7 Daarna zei Hij tegen de discipelen: Laten wij weer naar Judea gaan.
8 De discipelen zeiden tegen Hem: Rabbi, de Joden hebben U onlangs nog geprobeerd te stenigen, en gaat U daar weer heen?
9 Jezus antwoordde: Zijn er niet twaalf uren in de dag? Als iemand overdag loopt, stoot hij zich niet, omdat hij het licht van deze wereld ziet,
10 maar als iemand 's nachts loopt, stoot hij zich, omdat het licht niet bij hem is.

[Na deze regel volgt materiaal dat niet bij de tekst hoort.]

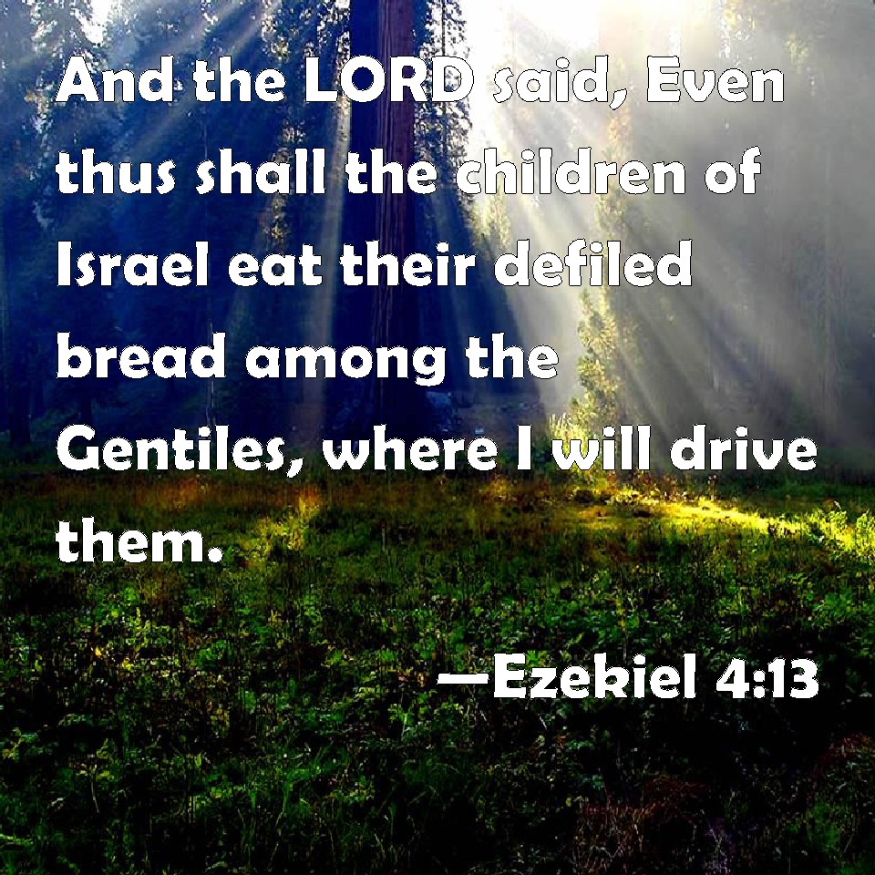 Choose a Background Ezekiel 4:13 And the LORD said, Even thus shall the children of Israel eat their defiled bread among the Gentiles, where I will drive them. KJV: And the LORD said, Even thus shall the children of Israel eat their defiled bread among the Gentiles, whither I will drive them. DRB: And the Lord said: So shall the children of Israel eat their bread all filthy among the nations whither I will cast them out. DBT: And Jehovah said, So shall the children of Israel eat their bread unclean among the nations whither I will drive them. ERV: And the LORD said, Even thus shall the children of Israel eat their bread unclean, among the nations whither I will drive them. WBT: And the LORD said, Even thus shall the children of Israel eat their defiled bread among the Gentiles, whither I will drive them. WEB: Yahweh said, Even thus shall the children of Israel eat their bread unclean, among the nations where I will drive them. YLT: And Jehovah saith, 'Thus do the sons of Israel eat their defiled bread among the nations whither I drive them.'Links Ezekiel 4:13 NIV • Ezekiel 4:13 NLT • Ezekiel 4:13 ESV • Ezekiel 4:13 NASB • Ezekiel 4:13 KJV • Ezekiel 4:13 Interlinear • Ezekiel 4:13 Commentaries • Ezekiel 4:13 Parallel Texts • Ezekiel 4:13 Bible Apps • Ezekiel 4:13 Parallel • Bible Hub |
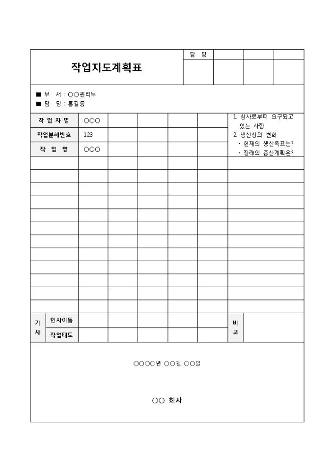 작업의 요구사항이나 생산상의 변화 등의 지도를 계획 세울 때 사용되는 작업 지도 계획표 양식입니다. 부서, 담당, 작업자명, 작업분해번호, 작업명, 인사이동, 작업태도 등의 항목으로 구성되어 있습니다.

11 Dit sprak Hij, en daarna zei Hij tegen hen: Lazarus, onze vriend, slaapt, maar Ik ga naar hem toe om hem uit de slaap op te wekken.
12 Zijn discipelen dan zeiden: Heere, als hij slaapt, zal hij gezond worden.
13 Maar Jezus had over zijn dood gesproken, terwijl zij dachten dat Hij over de natuurlijke slaap sprak.
14 Toen zei Jezus dan openlijk tegen hen: Lazarus is gestorven.
15 En Ik ben blij voor u dat Ik daar niet was, opdat u gelooft; maar laten wij naar hem toe gaan.
16 Thomas dan, die Didymus genoemd werd, zei tegen zijn medediscipelen: Laten ook wij gaan om met Hem te sterven.